__Task requirements__
Could you copy exactly the lines below, beginning at the line with "Siamo partiti da" and stopping after the line with "Loeffler Randall Rowan", with no pictures?

Data extracted from a collection:
● ● ● ● ● ● ●
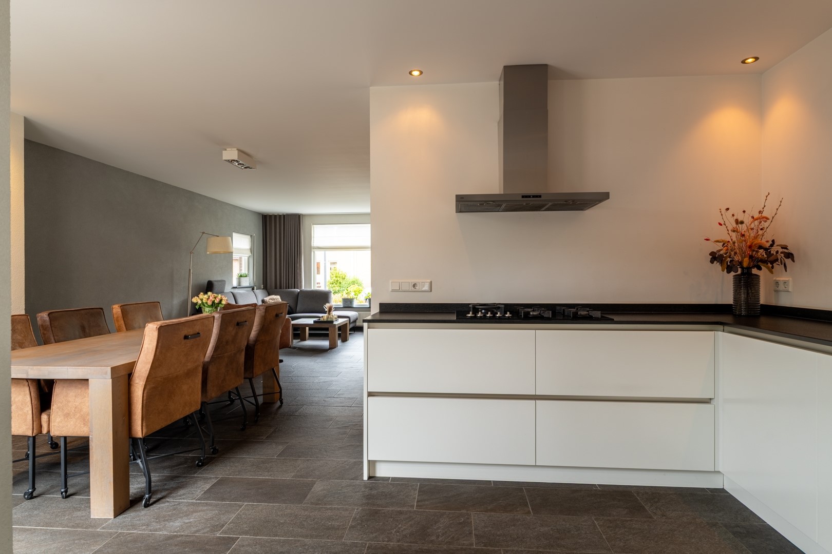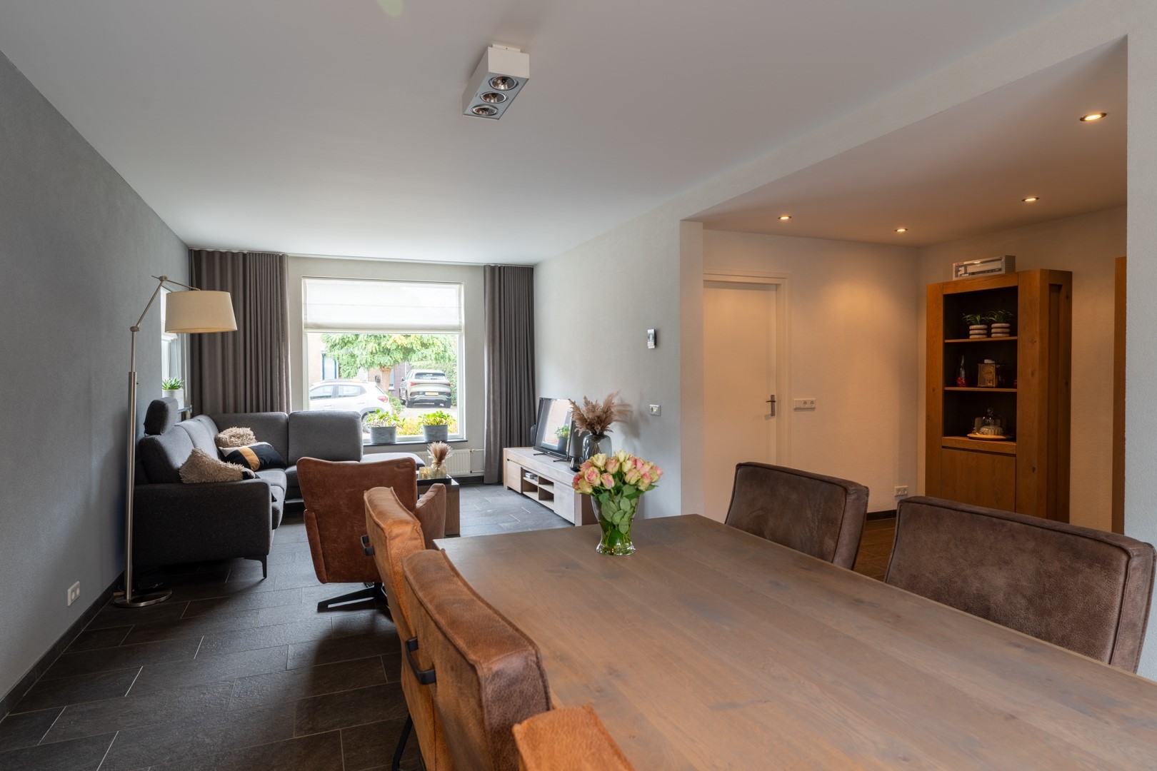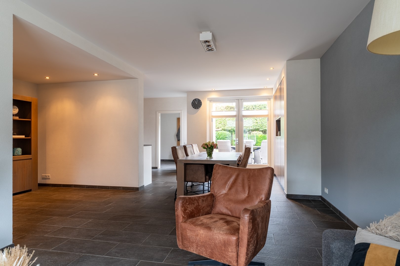 • Ruime en gezellige L-vormige living met tuindeuren naar terras en tuin;
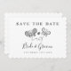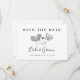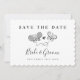 Élégant enregistrer les cartes de date pour mariage fantaisiste. Cartes classiques pour rappeler à l'invité. Joli modèle design avec deux papillons romantiques en amour. Idéal pour un mariage chic au printemps. Exemple noir et blanc. Personnalisez avec des couleurs et des noms personnalisés. Une partie de la collection plus grande avec papeterie de luxe et décorations du printemps. Bordure de Saint-Jacques facultative.
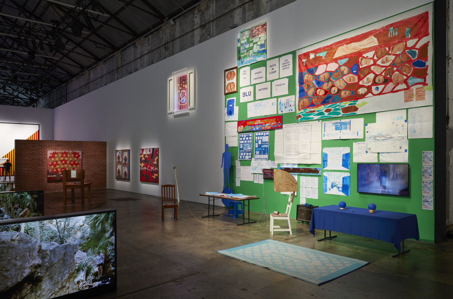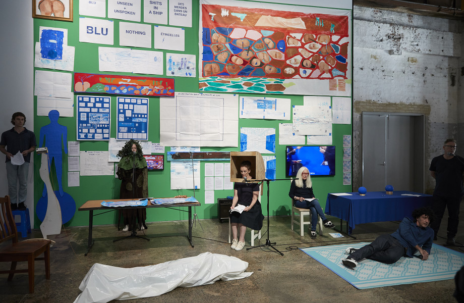 The installation – Partition #13, Ass Assembly / Assemblée des culs – is both an archive composed of all the above forms (image, text, performance etc) but most of all of ideas emitted in communicative acts, itself a situation occasioning an evolving set of performances. Assemblée des culs is an installation and performance work that first took place in Paris in 2017 and is reprised here for The National. The ground of the work is a large section of gallery wall painted green-screen green. This is a colour used as a chroma-key backdrop for live action filming, effectively holding space for a scene to be layered into the image. Across this wall is displayed an accumulation of elements. There is a prominent painting of buttocks and arseholes – a celebration of the body’s abject counterbalance to reason, knowledge and language. There is a monitor for video performances and a table in front of the wall that highlights the installation’s character as a setting – and a set – for ongoing performance. The work is an accumulation, but also a careful selection of archival material that acts simultaneously as document, art object and score. An archive generated by and pertaining to its prior iteration in 2017, it is also a sourcebook of sorts for new interactions and performances. This cycling of ideas and forms is emphasised by a painted plan for the wall installation that has been incorporated into the display by the artists.
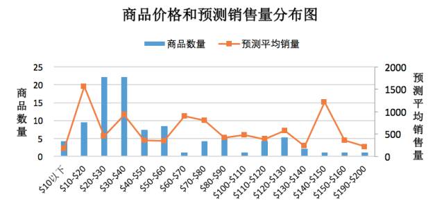 在本期Straighteners品类Best Sellers榜单前一百的商品中,商品最高价$199.00,最低价$1.86,平均价格$53.43。该品类商品价格跨度较大,在$20-$30和$30-$40的商品最多,都有22款商品,$10-$20有着最高的预测平均销量,尚存市场空间。
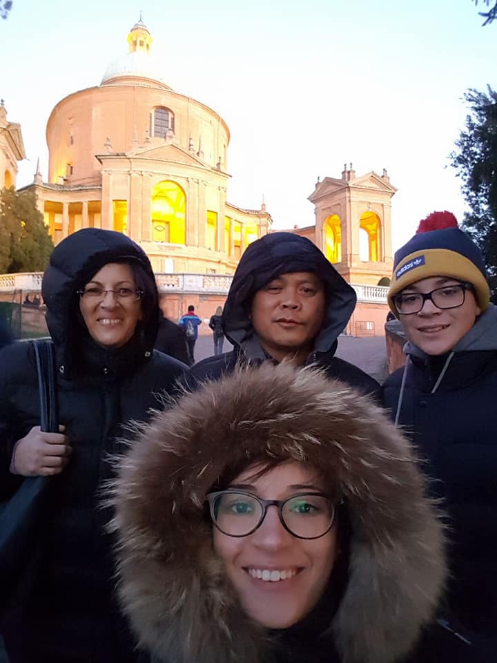 Siamo partiti da Arezzo per un concerto poi una sosta lampo a Firenze, dopodiché abbiamo viaggiato per arrivare all'ultima tappa del nostro pellegrinaggio a Bologna, anche, per visitare la sorella di Padre Bobby che lavora in codesta città.
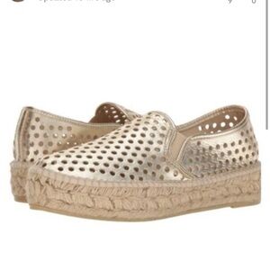 Loeffler Randall Rowan Gold Perforated Leather Espadrille Slip-Ons Size 37
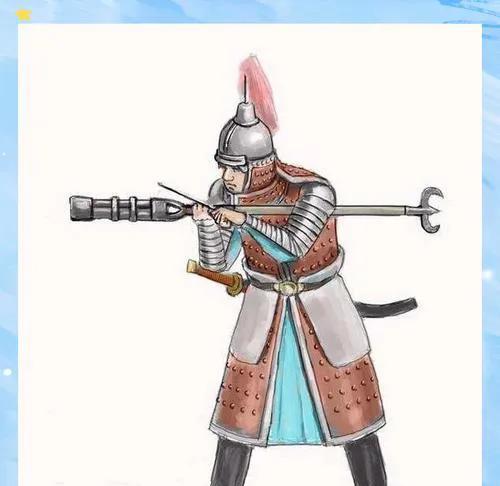 步枪鼻祖,三眼火铳,出现于明朝初期,使用熟铁锻造卷打而成,外形象竹节状三管绑在一起,每根管子外侧留有小孔,使用时选装填火药,然后塞满钢珠,在小孔处装上火绳。使用时可点燃火绳继可轮番发射,在后端装有木质握把,长短不等,由于装填火药太慢没有发展前景,而退出历史舞台。
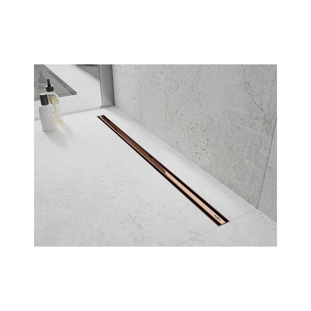 MEXEN Flat nerezový sprchový žlab s rotačním 360° sifonem 90 cm, vzor SLIM, růžovo-zlatá, 1641090
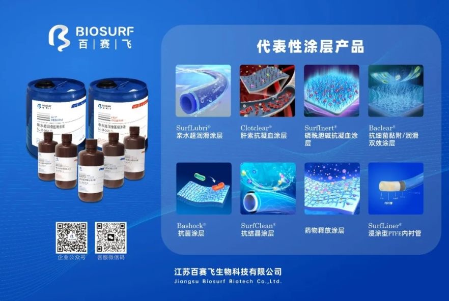 江苏百赛飞生物科技有限公司创始人陈红教授带领团队,基于二十余年生物材料表界面领域基础研究积累,用八年时间构建起从分子设计、涂层工艺到检测设备的医用功能涂层全产业链的技术平台;主导制定国内首个亲水涂层行业标准及两项抗凝血涂层一项抗菌涂层相关团体标准;破解医用涂层“卡脖子”难题,推动国产高端医疗器械涂层从跟跑到并跑甚至领跑的跨越。
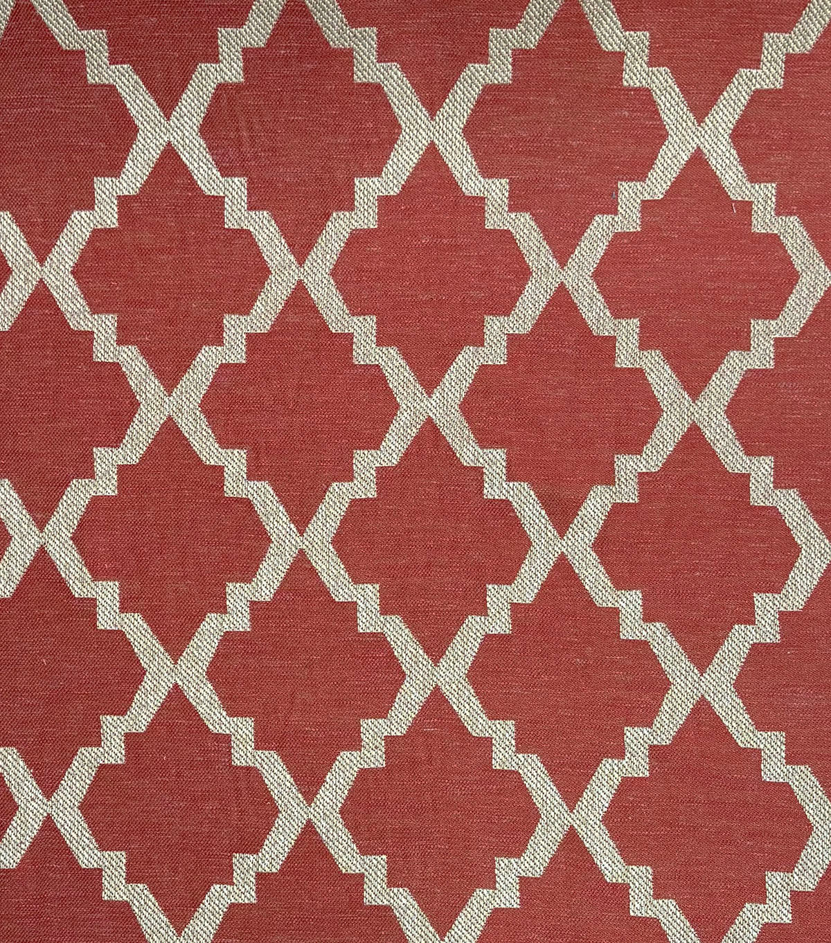 Bartin in the color Scarlett is a Lattice Fabric, 54" Wide, 17% Acrylic 65% Poly 14% Viscose 4% Linen, Repeats: H=6.75" V=6.75"
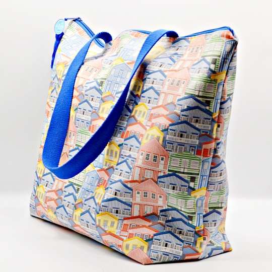 Handmade bag with images of traditional Aveiro houses from the Costa Nova.
● ● ● ● ● ● ●
__Finished exercise__
 Siamo partiti da Arezzo per un concerto poi una sosta lampo a Firenze, dopodiché abbiamo viaggiato per arrivare all'ultima tappa del nostro pellegrinaggio a Bologna, anche, per visitare la sorella di Padre Bobby che lavora in codesta città.
 Loeffler Randall Rowan Gold Perforated Leather Espadrille Slip-Ons Size 37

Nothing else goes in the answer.